Several recent models focus on the integration of subword and morphological information to provide suitable representations even for unseen, out-of-vocabulary words. 
For example, Pinter et al. \cite{pinter_mimicking_2017} try to reconstruct a pre-trained word embedding by learning a bi-directional LSTM model on character level. 
Similarily, Bojanowski et al. \cite{bojanowski_enriching_2017} adapt the SkipGram by taking character n-grams into account. 
Their fastText model assigns a vector representation to each character n-gram and represents words by summing over all of these representations of a word.

In addition to embeddings that capture word similarities in one language, multi-/cross-lingual approaches have also been investigated.
Proposed methods either learn a linear mapping between monolingual representations \cite{faruqui_improving_2014,xing_normalized_2015} or utilize word- \cite{guo_cross-lingual_2015,vyas_sparse_2016}, sentence- \cite{pham_learning_2015} or document-aligned \cite{sogaard_inverted_2015} corpora to build a shared embedding space.
    
\subsection{ICD-10 Classification}
The ICD-10 coding task has already been carried out in the 2016 \cite{neveol_clinical_2016} and 2017 \cite{neveol_clef_2017} edition of the eHealth lab. 
Participating teams used a plethora of different approaches to tackle the classification problem. 
The methods can essentially be divided into two categories: knowledge-based \cite{cabot_sibm_2016,jonnagaddala_automatic_2017,van_mulligen_erasmus_2016} and machine learning (ML) approaches \cite{dermouche_ecstra-inserm_2016,ebersbach_fusion_2017,ho-dac_litl_2016,miftakhutdinov_kfu_2017}.
The former relies on lexical sources, medical terminologies and other ontologies to match (parts of) the certificate text with entries from the knowledge-bases according to a rule framework. 
For example, Di Nunzio et al. \cite{di_nunzio_lexicon_2017} calculate a score for each ICD-10 dictionary entry by summing the binary or tf-idf weights of each term of a certificate line segment and assign the ICD-10 code with the highest score. 
In contrast, Ho-Dac et al. \cite{ho-dac_litl_2017} treat the problem as information retrieval task and utilize the Apache Solr search engine\footnote{\url{http://lucene.apache.org/solr/}} to classify the individual lines.

The ML-based approaches employ a variety of techniques, e.g.
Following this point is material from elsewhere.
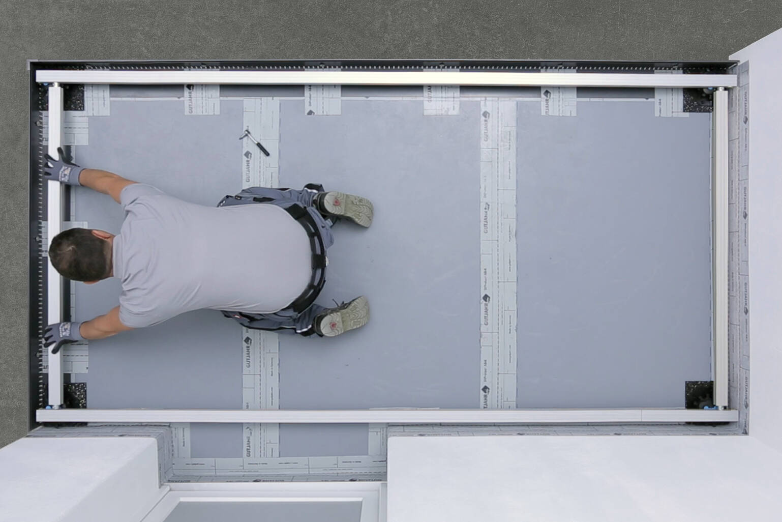 Der „Clou“ von TerraMaxx RS ist die schnelle und einfache Verarbeitung. „Dafür sorgt vor allem der intelligente T-Stoß-Verbinder, mit dem die Aluminiumschienen miteinander verbunden werden“, so Wulst. „Es muss nichts vorgebohrt oder mehrfach verschraubt werden. Verarbeiter benötigen nur einen Inbusschlüssel. Das spart über 20 Prozent Verarbeitungszeit im Vergleich mit ähnlichen Systemen.“ Ebenfalls praktisch: Die Fugenkreuze können direkt auf dem Rahmen fixiert werden. TerraMaxx RS ist auf nahezu allen Untergründen einsetzbar, auch etwa auf ungebundenen Untergründen. „Die Rahmenkonstruktion kann sehr einfach mit Platten- oder Stelzlagern in der Höhe und in der Neigung eingestellt werden“, erklärt Rayc Wulst. „Dadurch ist auch das Gefälle der Konstruktion einfach zu erstellen.“ Für noch mehr Sicherheit sorgt ein sogenanntes Gleitgewebe zwischen Belag und Rahmen. „Dadurch, dass sich Aluminium stärker ausdehnt als Keramik, empfehlen wir das als Entkopplungsschicht“, so der Gutjahr-Experte. Die Fugenkreuze mit Selbstklebe-Pad werden dann auf dem Gewebe fixiert. Weiterer Vorteil: Die Beläge können nicht nur offenfugig verlegt werden, sondern auch mit geschlossenen Fugen – etwa als direkte Fortführung der Innenraumverlegung. Dafür bietet Gutjahr den Spezial-Fugenfüllstoff MorTec SOFT an. Das vereinfacht auch die Reinigung der Belagsoberflächen.

Conditional Random Fields (CRFs) \cite{ho-dac_litl_2016}, Labeled Latent Dirichlet Analysis (LDA) \cite{dermouche_ecstra-inserm_2016} and Support Vector Machines (SVMs) \cite{ebersbach_fusion_2017} with diverse hand-crafted features.
Most similar to our approach is the work from Miftahutdinov and Tutbalina \cite{miftakhutdinov_kfu_2017}, which achieved the best results for English certificates in the last year's competition. 
They use a neural LSTM-based encoder-decoder model that processes the raw certificate text as input and encodes it into a vector representation. 
Additionally, a vector which captures the textual similarity between the certificate line and the death causes of the individual ICD-10 codes is used to integrate prior knowledge into the model. 
The concatenation of both vector representations is then used to output the characters and numbers of the ICD-10 code in the decoding step. 
In contrast to their work, our approach introduces a model for multi-language ICD-10 classification. 
Moreover, we divide the task into two distinct steps: death cause extraction and ICD-10 classification.